Whole-Ecosystem Labile Carbon Production in a North Temperate Deciduous Forest

Management for forest carbon (C) sequestration requires knowledge of the fate of photosynthetic C. Labile C is an essential intermediary between C assimilation and growth in deciduous forests, accumulating when photosynthetic C supply exceeds demand and later depleting when reallocated to growth during periods of depressed photosynthesis. We developed a new approach that combined meteorological and biometric C cycling data for a mixed deciduous forest in Michigan, USA, to provide novel estimates of whole-ecosystem labile C production (PLC) and reallocation to growth inferred from the temporal imbalance between carbon supply from canopy net C assimilation (Ac) and C demand for net primary production (NPP). We substantiated these estimates with measurements of Populus grandidentata and Quercus rubra wood non-structural carbohydrate (NSC) concentration and mass over two years. Our analysis showed that half of annual Ac was allocated to PLC rather than to immediate growth. Labile C produced during the latter half of summer later supported dormant-season growth and respiration, with 35% of NPP in a given year requiring labile C stored during previous years.
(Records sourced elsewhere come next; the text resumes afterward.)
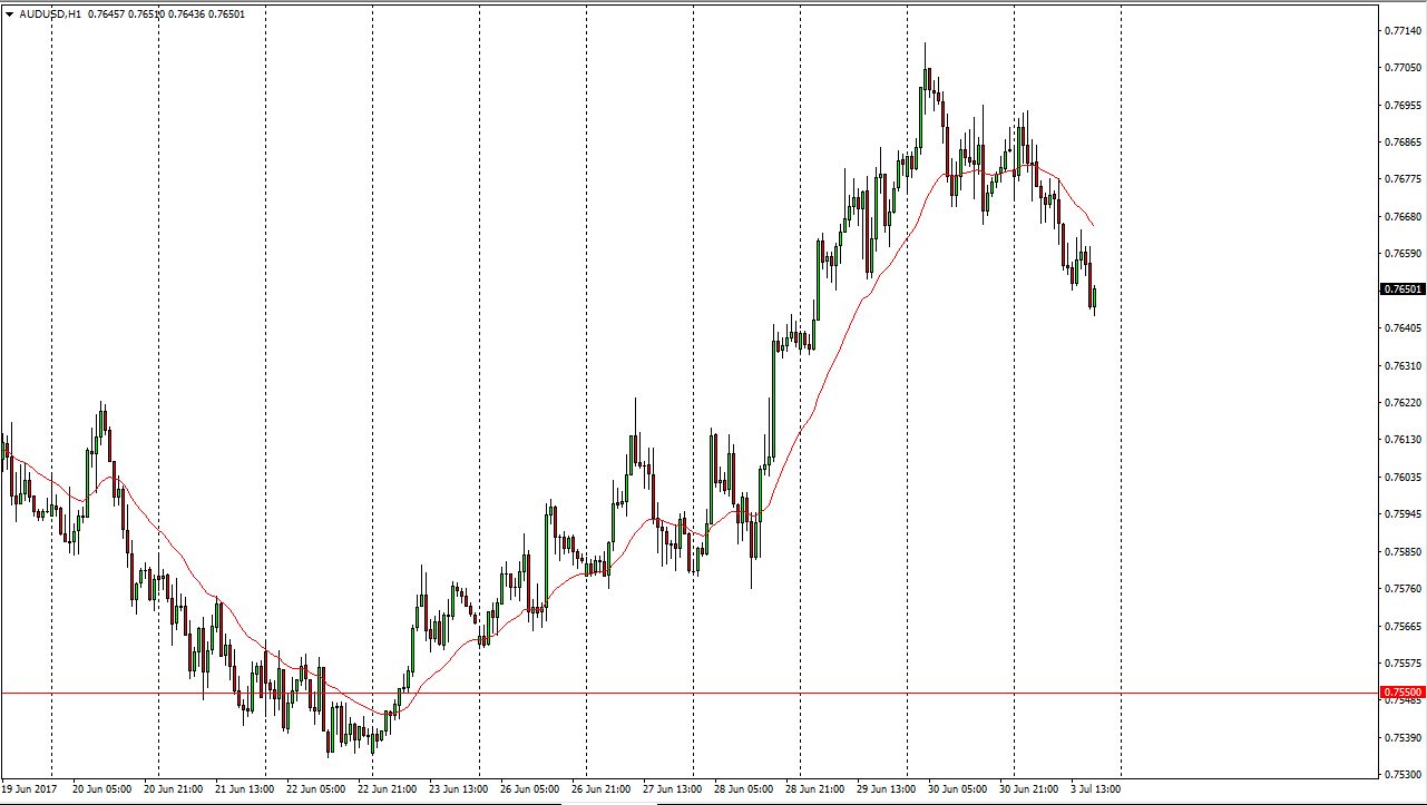 The Australian dollar broke down during the day on Monday, reaching towards the 0.7650 level. Now that we have not found support underneath, the market
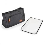 Multifunctional mama bag Keily – Main compartment with a zipper. The main compartment includes: – One big pocket; – 3 additional small pockets for baby bottles; – 2 additional small pockets; – Big front pocket with a zipper closure; – 2 side pockets for baby bottles; – Two short handles convert from shoulder bag to stroller bag. The set includes – Comfortable baby changing mat.
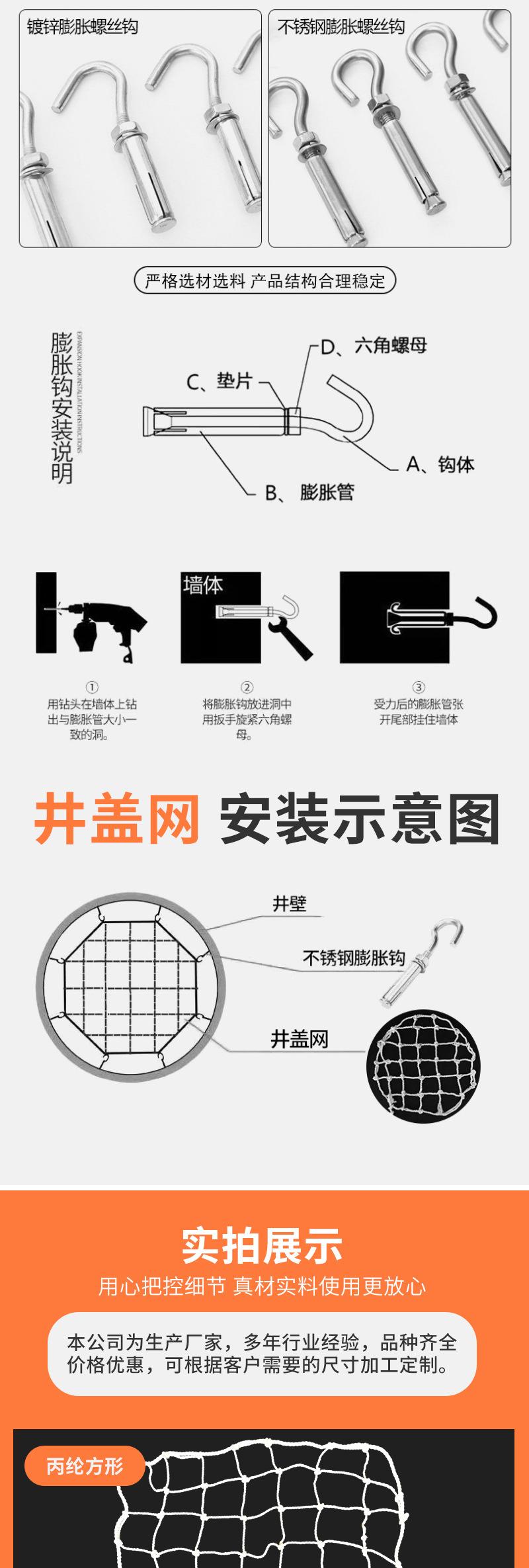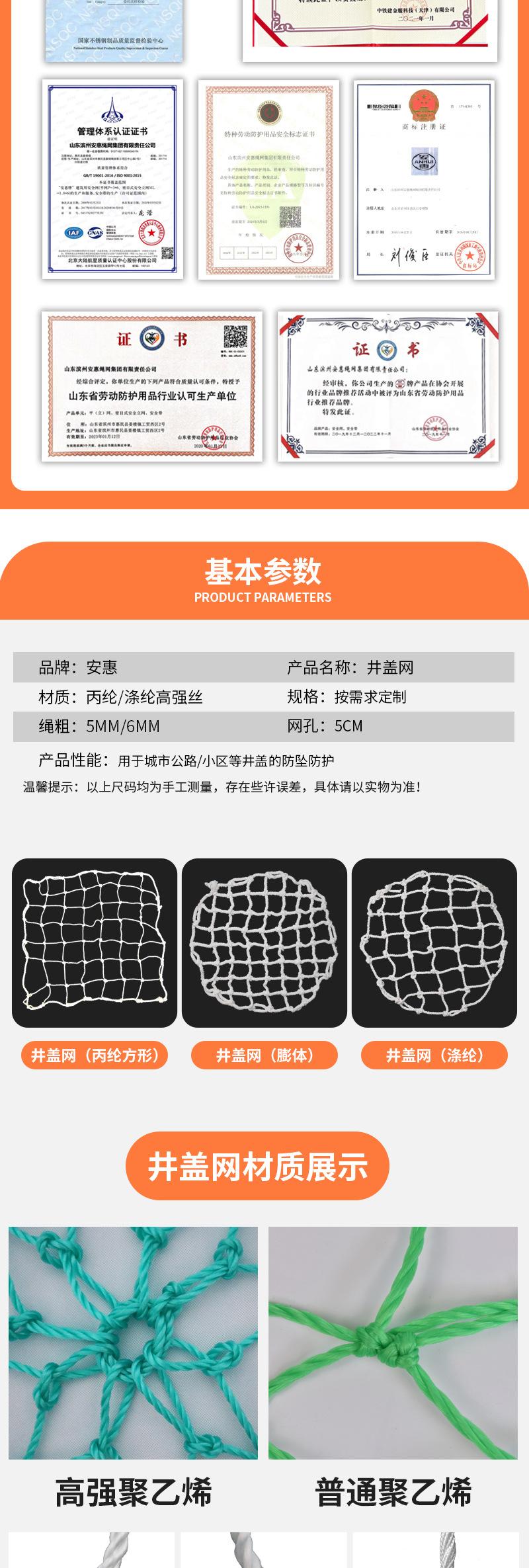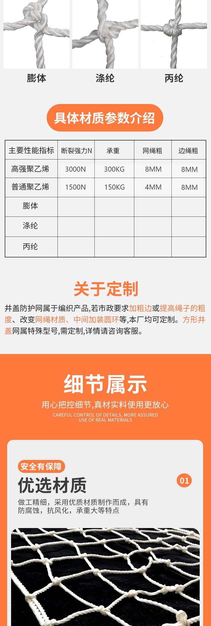 Vendas diretas da fábrica de Anhui de tampas de bueiro residenciais de rodovias urbanas, rede protetora antiqueda, rede quadrada redonda para tampas de bueiro

Seasonal changes in wood NSC concentration and mass generally corroborated patterns of labile C production and reallocation to growth. We observed a negative relationship between current-year PLC and NPP, indicating that disparities between same-year meteorological and biometric net ecosystem production (NEP) estimates can arise when C assimilated via photosynthesis, a flux incorporated into meteorological NEP estimates, is diverted away from NPP, a flux included in biometric NEP estimates, and instead allocated to PLC. A large, annually recharging pool of labile C also may buffer growth from climate conditions that immediately affect Ac. We conclude that a broader understanding of labile C production and reallocation across ecosystems may be important to interpreting lagged canopy C cycling and growth processes.